Как вихрь пронеслась она по поселку, унеся с собой жизни четверых мужчин, двух женщин и троих детей.
Первой жертвой стал Сэт Милликан. В поселке поговаривали, что именно он и принес заразу из Гейтсхеда, куда ездил обучаться грамоте.
После его смерти все сошлись во мнении, что гордыня до добра не доводит. А уж гордым и самонадеянным Сэта считали все. И он действительно гордился. Милликан был далеко не лучшим забойщиком, однако он умел расписываться, знал буквы и мог читать Библию, чем был безмерно горд. Но, по мнению соседей, в своей гордыне он зашел слишком уж далеко, даже не пустил своего старшего десятилетнего сына и девятилетнюю дочь в шахту. Видите ли, он решил, что его дети должны работать под голубым небом и видеть свет божий, а не зарываться, как кроты, в землю. Сэт не изменил своего решения и после того, как Рейнтон, приходской священник, попытался внушить ему, что Господь дает всем людям время наслаждаться и солнцем, и светом. А заниматься каждый человек должен тем, что написано ему на роду. Ответ Сэта Милликана стал известен всей округе. «К чертям эти разговоры», – вот что сказал этот нахал. И хотя священник сдержался и промолчал, взгляд его был достаточно красноречив и невысказанные проклятия обрели силу. Поговаривали также о том, что Сэт, скорее всего, попал в ад за свои грешные слова.

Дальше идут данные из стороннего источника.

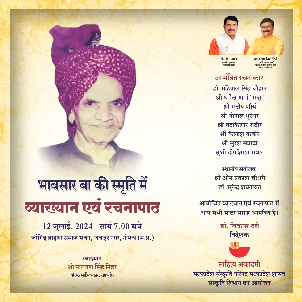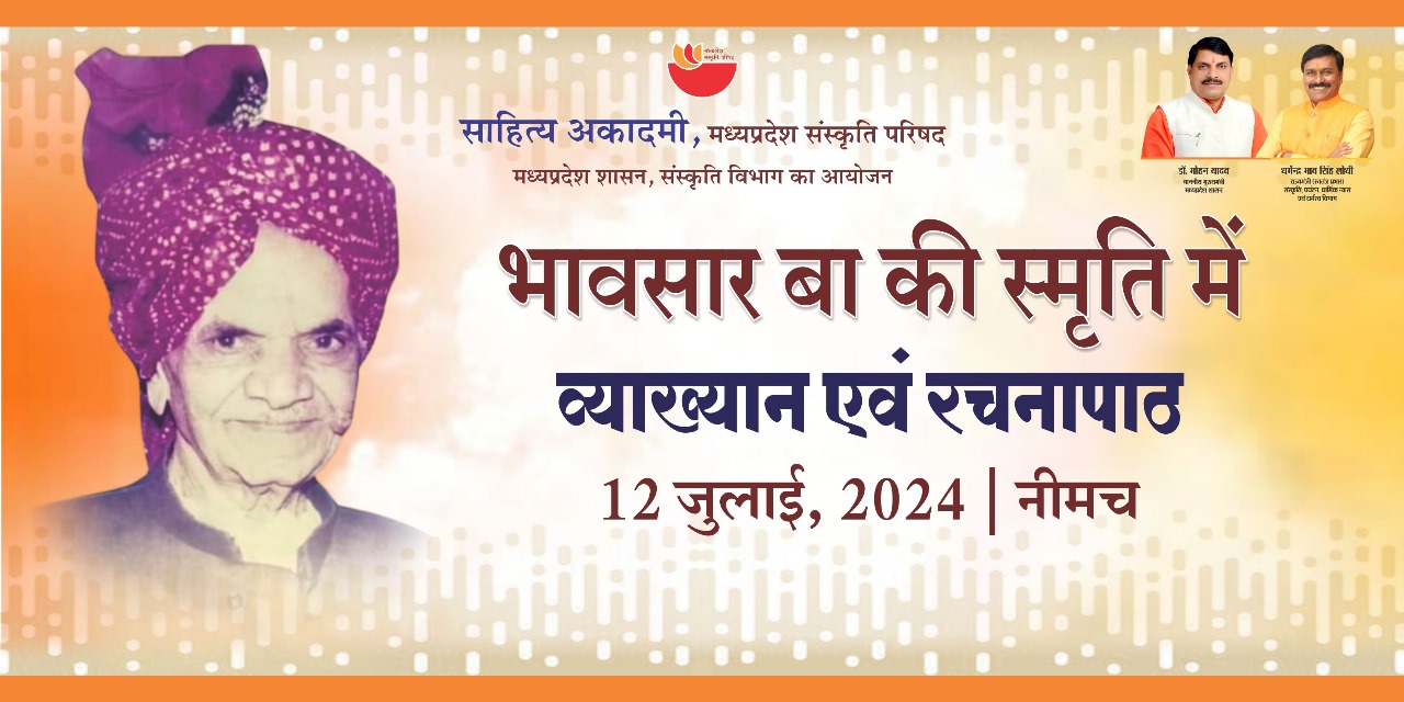 साहित्य अकादमी, मध्यप्रदेश संस्कृति परिषद्, मध्यप्रदेश शासन संस्कृति विभाग भोपाल द्वारा भावसार बा स्मृति समारोह में ‘व्याख्यान एवं रचनापाठ’ दिनांक 12 जुलाई, 2024 को सायं 7.00 बजे से जांगिड़ ब्राम्हण समाज भवन, जवाहर नगर, नीमच (म.प्र.) में आयोजित है। प्रथम सत्र श्री नारायण सिंह निडर अपना व्याख्यान देंगे। कार्यक्रम के दूसरे सत्र में डॉ. महिपाल सिंह चैहान, श्री धर्मेन्द्र शर्मा ‘सदा’, श्री संदीप शौर्य, श्री गोपाल धुरंधर, श्री नंदकिशोर राठौर, श्री कैलाश कबीर, श्री सुरेश सन्नाटा एवं सुश्री दीपशिखा रावल अपनी-अपनी रचनाओं का पाठ करेंगे। आयोजित व्याख्यान एवं रचनापाठ में आप सभी सादर साग्रह आमंत्रित हैं। डॉ. विकास दवे निदेशक साहित्य आदमी, भोपाल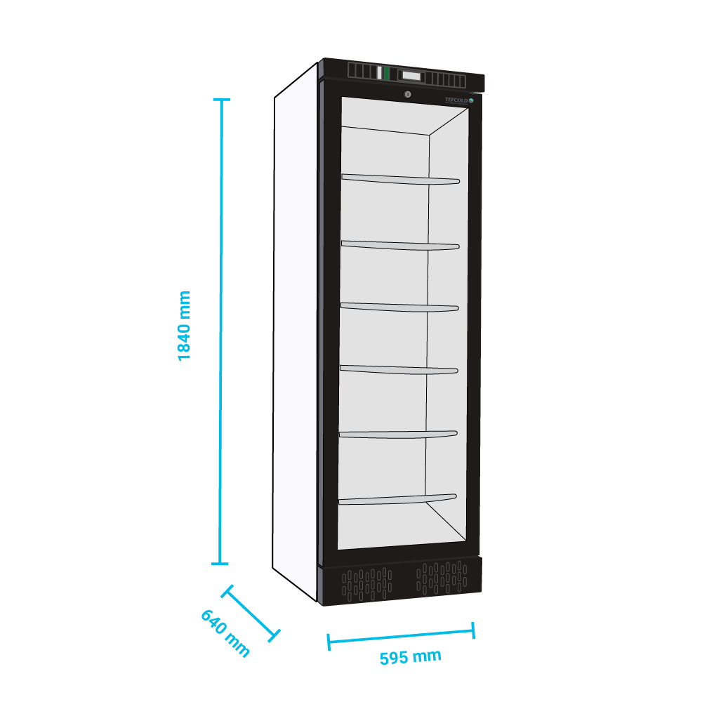 Εξωτερικές διαστάσεις 595x640x1840(h)mm Εσωτερικές διαστάσεις 470x440x1545(h)mm Χωρητικότητα 300 lt Θερμοκρασία -24ºC / -14ºC Ισχύς 570Watt / 220-240V / 50hz Ψύξη Στατική Απόψυξη Χειροκίνητη Ψυκτικό υγρό R290 Ράφια 6 ψυχόμενα (470x413mm) Φωτισμός LED Κλιματική κλάση 4 (30ºC & 55%RH) Καθαρό Βάρος 95 Kg Μηχανικός θερμοστάτης - θερμόμετρο Κλειδαριά 2 ρυθμιζόμενα ποδαράκια & 2 ροδάκια

К жене, а теперь уже вдове Сэта, Марии, или Рии, как ее чаще называли, в поселке относились по-разному. Большинство считали ее чужой. Дочь рыбачки, Рия приехала в деревушку из Шильдса. А всем известно, что от такого брака не жди ничего хорошего. Ибо пути того, кто плавает по просторам морей, и ползающего, как червь в земляных глубинах, пересекаться не должны.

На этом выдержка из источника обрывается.